Purpose: The alimentary tract demonstrates a remarkable ability to withstand injury by exogenous or elaborated endogenously luminal aggressive factors. Mucosal integrity peptides are pivotal in maintaining mucosal strength resisting the injury by the luminal chemical or physical insults. The leading peptide defining this strength is transforming growth factor α (TGFα), secreted by the esophageal submucosal glands as well as salivary glands that remain under control of serotonergic (5HT-4) pathway in humans (M. Majewski et al. Clin. Gastroenterol. Hepatol. 5:430-38, 2007). The rate of TGFα secretion, however, in patients with Barrett's esophagus (BE), setting the stage for the development of dysplasia and ultimately esophageal adenocarcinoma remains to be explored. Aims: 1. To test the rates of secretion of esophageal TGFα in patients with BE. 2. To compare these results with corresponding values recorded in asymptomatic volunteers.
Methods: The study was approved by IRB and conducted in 25 asymptomatic volunteers (12F & 13M, mean age of 40, range 23-59) and in 10 patients with the long segment (≥ 3.0 cm) of BE (2F & 7M, mean age of 49, range 30-69). Esophageal secretory function was explored using the esophageal perfusion catheter (Wilson Cook Med. NC) during the mucosal challenge with initial NaCl, HCl, HCl/Pepsin and final NaCl, mimicking the natural gastroesophageal reflux scenario. TGFα in esophageal secretions was measured using a commercially available RIA kit (Biomedical Technol. Stoughton, MA). Statistical analysis was performed using Σ-Stat (SyStat Inc., CA).
Results: The rate of TGFα secretion in patients with BE was 22% higher in basal conditions (mucosal exposure to initial saline) than in controls (0.61±0.08 vs. 0.50±0.05 ng/min). The rate, however, of TGFα secretion in patients with BE during mucosal exposure to HCl (pH 2.1) increased further, becoming 108% higher (statistically significant) than in controls (0.68±0.08 vs. 0.32±0.07 ng/min, p<0.05).
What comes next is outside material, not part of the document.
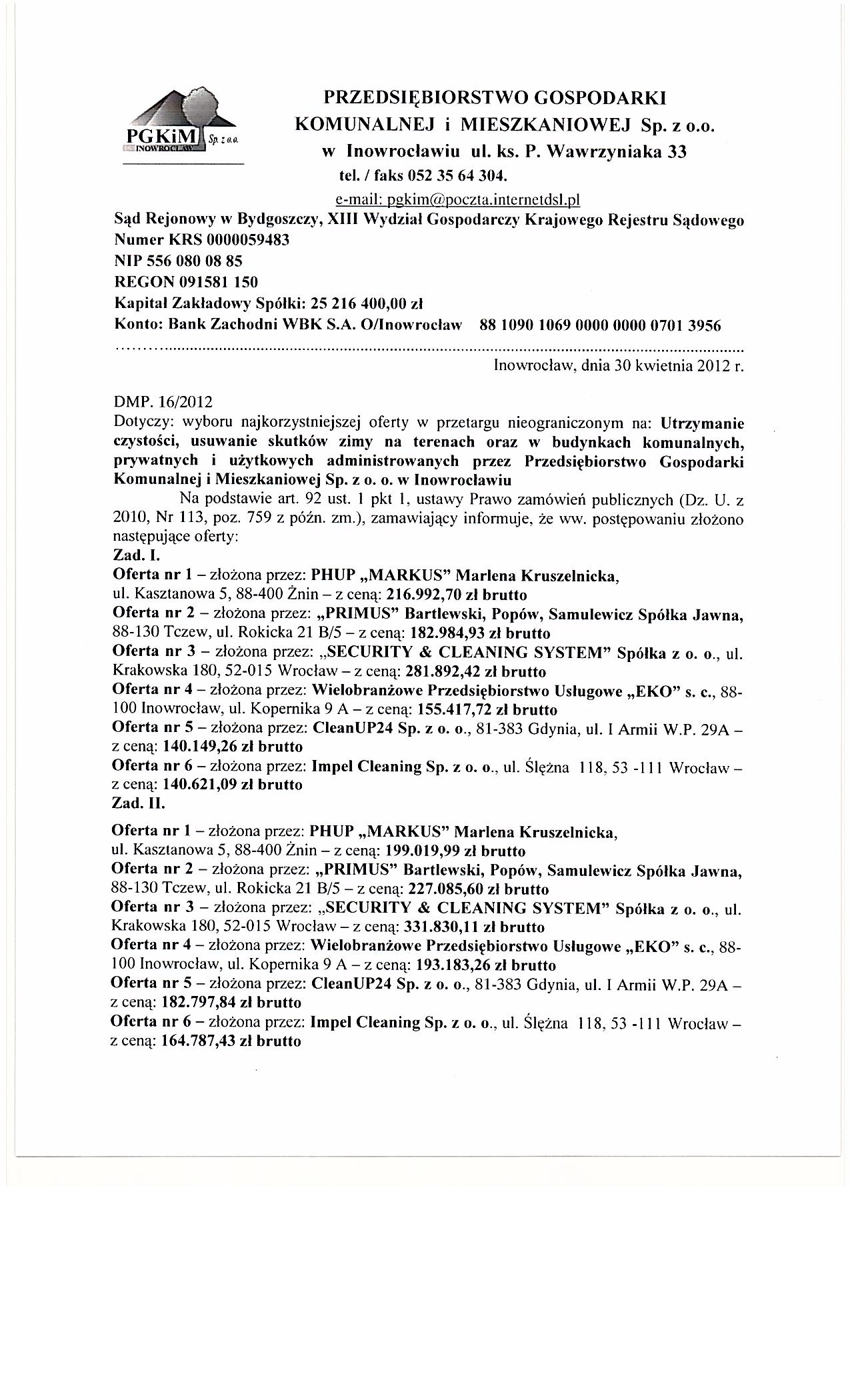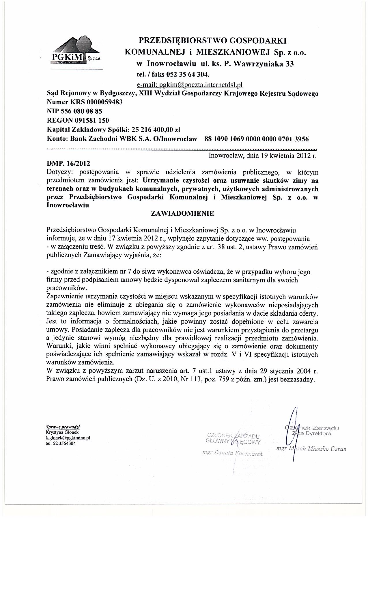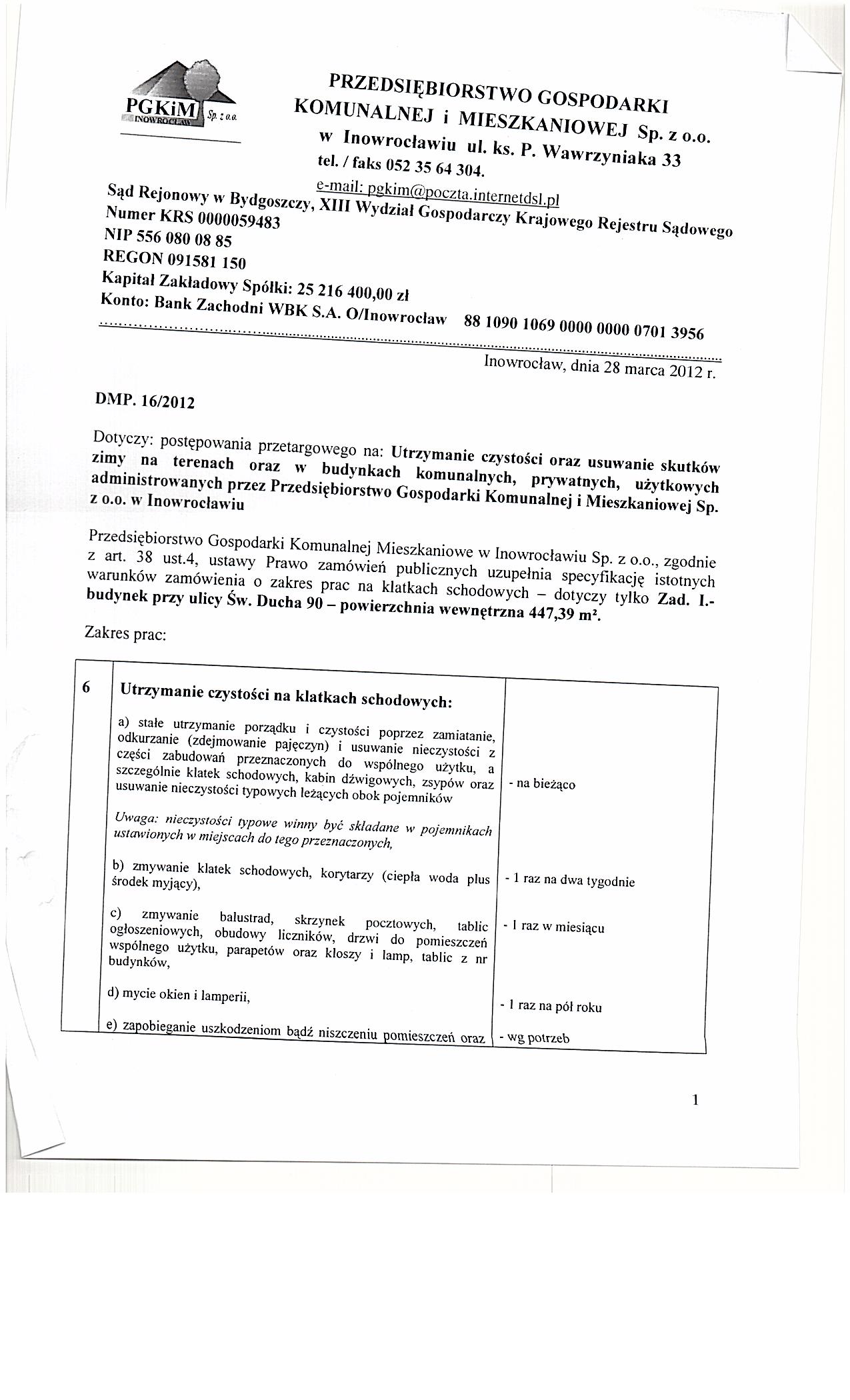 Utrzymanie czystości oraz usuwanie skutków zimy na terenach oraz w budynkach komunalnych, prywatnych, użytkowych administrowanych przez Przedsiębiorstwo Gospodarki Komunalnej i Mieszkaniowej Sp. z o. o. w Inowrocławiu

The rate of esophageal TGFα secretion in patients with BE during mucosal exposure to HCl /pepsin and subsequent final saline remained also numerically higher than in controls.
Conclusion: 1. Significantly higher rate of esophageal TGFα secretion in patients with BE, especially during mucosal exposure to HCl, mimicking the natural gastroesophageal reflux scenario seems to indicate that the integrity of the intestinal metaplasia epithelium is profoundly challenged. 2. The role of this enhancing TGFα secretion phenomenon in the development of dysplasia and subsequent adenocarcinoma requires further investigation.